Data Engineering - Azure Databricks and DuckDB
Github site: https://github.com/mcliston/azure_databricks_dataengineering
Project intro:
Being a bay area sports fan, I've always wondered how the teams I grew up with compared to dominant teams that came before like the 2010-2014 San Francisco Giants vs. the Yankee teams of the past and the 49ers vs. the 1970's Steelers.
Snooping around the Kaggle datasets, I came upon NBA database dataset and thought it would be a good opportunity to do a little data sleuthing to see how the recent Golden State Warriors success compared to the Kobe Bryant/Shaquille O'Neal Lakers...
Note
Since this is a data engineering section, topics will be for the most part data engineering centric. There will be a related Analysis/ML section to follow
Tools used:
- Azure Blob Storage
- Azure Databricks (Spark, Workflows)
- DuckDB (querying parquet files)
- Python v3.12
- Pandas
Note
The transformations of the data used are just some of the many more that are going to be done in follow-on posts.
Azure Blob Storage
Like AWS S3, Azure Blob storage can hold a variety of file types which can be accessed quickly from a number of different tools. I this project I chose to store the data in parquet files because of their versatility and ability to use different types of compression (ZSTD, snappy, gzip, etc.), and I wanted to how DuckDB would handle the Azure envrironment.

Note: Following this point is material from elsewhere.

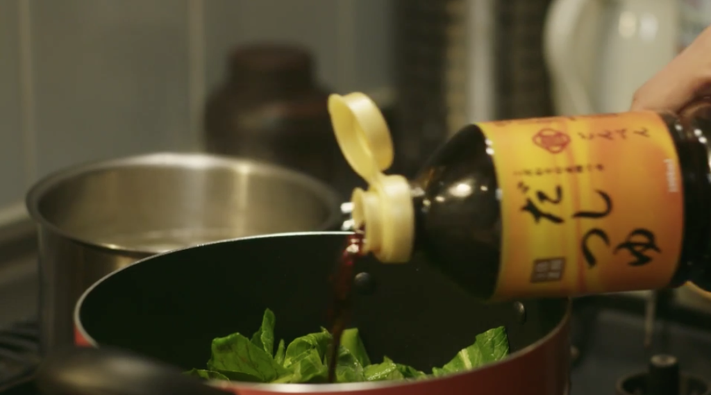 めんつゆはボトルからどぼどぼ入れていました。

I setup Azure Key Vault (may be over kill but once its setup, it easy to work with) for authentication between Databricks notebooks and Blob storage.
Getting container names and container keys in a Databricks notebook looks like the following:
storage_account_name = dbutils.secrets.get(scope="key-vault-scope", key="storage-acct-name")
storage_account_key = dbutils.secrets.get(scope="key-vault-scope", key="storage-account-key")
sas_token = dbutils.secrets.get(scope="key-vault-scope", key="sastoken")
It's also essential to setup a secret scope for the vault (which is a parameter in the dbutils.secrets.get()). Microsoft instructions to do so are here.
Interacting with Blob Storage from a Databricks notebook
Along with the storage account name and keys, to interface with Blob storage within a Databricks notebook, I also had to install the adlfs library. How its used in a notebook is in the code snippet below:
from adlfs import AzureBlobFileSystem
abfs = AzureBlobFileSystem(account_name=storage_account_name, account_key=storage_account_key) ## name and key from previous code block
To browse the Blob filesystem you can run the following:
files = abfs.ls("<container-name>")
print(files)
Saving transformed parquet files back to Blob storage is done with the following:
file_path = f"az://<container-name>/output.parquet"
with abfs.open(file_path, 'wb') as f:
df.to_parquet(f)
## notice that these saves are assuming a Pandas DataFrame. At the time of writing this I could not save to parquet directly from a Spark DataFrame.
Working with DuckDB in Azure (Transformation Task #1)
Working with DuckDB in Azure was more or less like working with it in any other environment. It was pretty seamless and painless and fast (albeit not as fast as Spark). I know that DuckDB can run queries in parallel but not sure the details when put in an environment like Databricks (benchmarking and research to come).
If you're familar with DuckDB, you know that it's allure is writing SQL queries to almost any time of data file and how well it's been optimized.
Because this is a data engineering project, I decided to make a small transformations library to keep things in order here.
How that library is used in a Databricks notebook is below:
from nba_analysis_tools.query_tools import PerTeamExtract
warriors = PerTeamExtract('Warriors', 2014, 2019, abfs_obj=abfs)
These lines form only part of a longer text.